Work to be completed
Find the lines below in which the string "концертов" occurs. Copy each one.

== Stored data

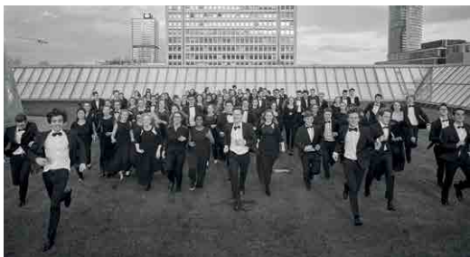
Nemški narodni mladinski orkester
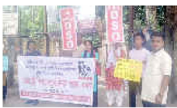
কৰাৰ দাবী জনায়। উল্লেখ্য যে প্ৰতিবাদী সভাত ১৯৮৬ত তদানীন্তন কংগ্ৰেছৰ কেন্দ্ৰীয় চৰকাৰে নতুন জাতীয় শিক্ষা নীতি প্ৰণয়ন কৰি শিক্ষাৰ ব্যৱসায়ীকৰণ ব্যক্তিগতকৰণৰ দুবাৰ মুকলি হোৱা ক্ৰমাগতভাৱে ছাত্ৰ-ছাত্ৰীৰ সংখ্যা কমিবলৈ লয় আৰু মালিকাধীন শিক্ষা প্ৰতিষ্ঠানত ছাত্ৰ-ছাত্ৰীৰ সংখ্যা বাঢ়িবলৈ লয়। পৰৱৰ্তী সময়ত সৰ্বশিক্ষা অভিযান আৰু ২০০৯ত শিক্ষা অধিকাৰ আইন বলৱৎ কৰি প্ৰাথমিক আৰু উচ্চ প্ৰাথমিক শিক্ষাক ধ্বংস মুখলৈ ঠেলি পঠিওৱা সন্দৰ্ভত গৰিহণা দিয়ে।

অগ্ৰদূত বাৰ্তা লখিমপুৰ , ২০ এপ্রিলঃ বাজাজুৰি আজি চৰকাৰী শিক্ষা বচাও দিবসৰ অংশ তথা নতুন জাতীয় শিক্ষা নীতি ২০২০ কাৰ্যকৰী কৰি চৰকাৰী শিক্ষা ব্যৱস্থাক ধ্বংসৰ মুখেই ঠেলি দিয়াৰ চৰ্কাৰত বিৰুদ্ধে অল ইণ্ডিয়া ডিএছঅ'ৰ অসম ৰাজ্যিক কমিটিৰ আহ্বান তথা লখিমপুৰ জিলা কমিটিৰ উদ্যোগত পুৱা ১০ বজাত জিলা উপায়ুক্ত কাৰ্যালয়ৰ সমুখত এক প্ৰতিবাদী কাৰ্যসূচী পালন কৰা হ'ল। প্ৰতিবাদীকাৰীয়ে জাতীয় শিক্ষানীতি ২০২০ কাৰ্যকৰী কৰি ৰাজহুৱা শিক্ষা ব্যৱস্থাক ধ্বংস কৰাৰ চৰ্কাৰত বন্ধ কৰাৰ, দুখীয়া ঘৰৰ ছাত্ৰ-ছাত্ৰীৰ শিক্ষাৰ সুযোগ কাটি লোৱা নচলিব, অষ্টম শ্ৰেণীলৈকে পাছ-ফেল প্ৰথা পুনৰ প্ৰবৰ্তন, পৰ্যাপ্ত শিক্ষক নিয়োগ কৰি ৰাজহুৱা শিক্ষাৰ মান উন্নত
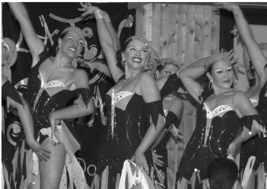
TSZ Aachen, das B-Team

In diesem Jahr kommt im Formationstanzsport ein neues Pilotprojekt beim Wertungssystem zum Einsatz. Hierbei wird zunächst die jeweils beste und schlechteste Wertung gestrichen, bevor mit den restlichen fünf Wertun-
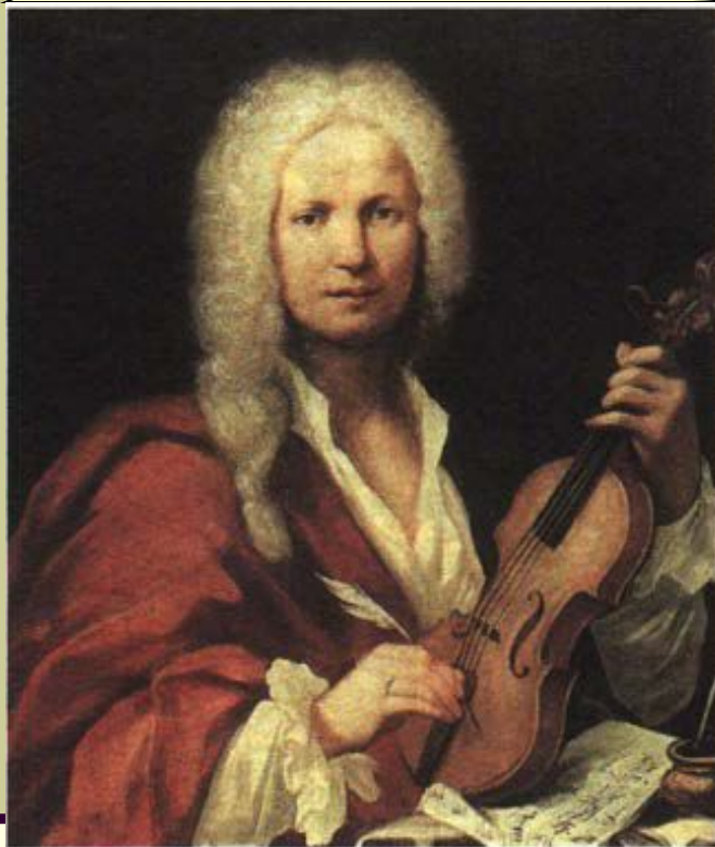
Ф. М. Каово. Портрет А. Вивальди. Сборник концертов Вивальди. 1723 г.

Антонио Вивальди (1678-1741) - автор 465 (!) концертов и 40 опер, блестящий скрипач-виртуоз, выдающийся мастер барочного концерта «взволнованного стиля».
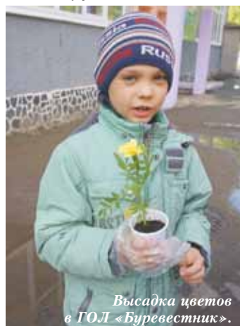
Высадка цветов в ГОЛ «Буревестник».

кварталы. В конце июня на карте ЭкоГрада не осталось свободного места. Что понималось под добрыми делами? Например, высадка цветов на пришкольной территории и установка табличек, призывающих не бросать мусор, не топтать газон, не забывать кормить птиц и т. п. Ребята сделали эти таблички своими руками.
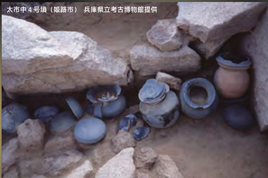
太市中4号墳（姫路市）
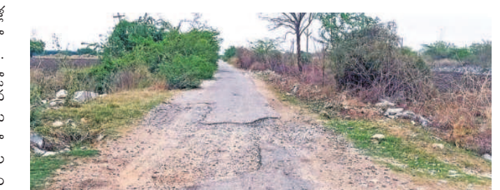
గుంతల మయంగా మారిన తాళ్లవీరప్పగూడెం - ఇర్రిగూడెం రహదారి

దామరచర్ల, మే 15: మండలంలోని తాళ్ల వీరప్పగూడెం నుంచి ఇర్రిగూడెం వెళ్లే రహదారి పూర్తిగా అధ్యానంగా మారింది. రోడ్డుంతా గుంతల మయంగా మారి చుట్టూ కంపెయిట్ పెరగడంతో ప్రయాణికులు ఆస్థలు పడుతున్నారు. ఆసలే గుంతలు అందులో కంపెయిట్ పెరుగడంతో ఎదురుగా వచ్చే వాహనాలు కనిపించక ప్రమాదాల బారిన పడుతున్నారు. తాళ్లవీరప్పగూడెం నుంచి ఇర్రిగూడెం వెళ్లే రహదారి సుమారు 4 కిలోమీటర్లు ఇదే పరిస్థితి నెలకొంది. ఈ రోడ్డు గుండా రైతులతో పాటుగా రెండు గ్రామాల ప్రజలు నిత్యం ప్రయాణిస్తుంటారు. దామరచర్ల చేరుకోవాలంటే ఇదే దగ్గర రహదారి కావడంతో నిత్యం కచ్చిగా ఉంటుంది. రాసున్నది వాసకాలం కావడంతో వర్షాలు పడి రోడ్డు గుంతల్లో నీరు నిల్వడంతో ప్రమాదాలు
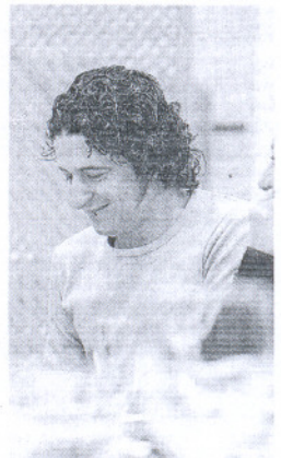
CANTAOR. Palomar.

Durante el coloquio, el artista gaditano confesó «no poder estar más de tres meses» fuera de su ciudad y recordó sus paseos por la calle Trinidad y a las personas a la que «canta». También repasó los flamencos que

====

Task result
Ф. М. Каово. Портрет А. Вивальди. Сборник концертов Вивальди. 1723 г.
Антонио Вивальди (1678-1741) - автор 465 (!) концертов и 40 опер, блестящий скрипач-виртуоз, выдающийся мастер барочного концерта «взволнованного стиля».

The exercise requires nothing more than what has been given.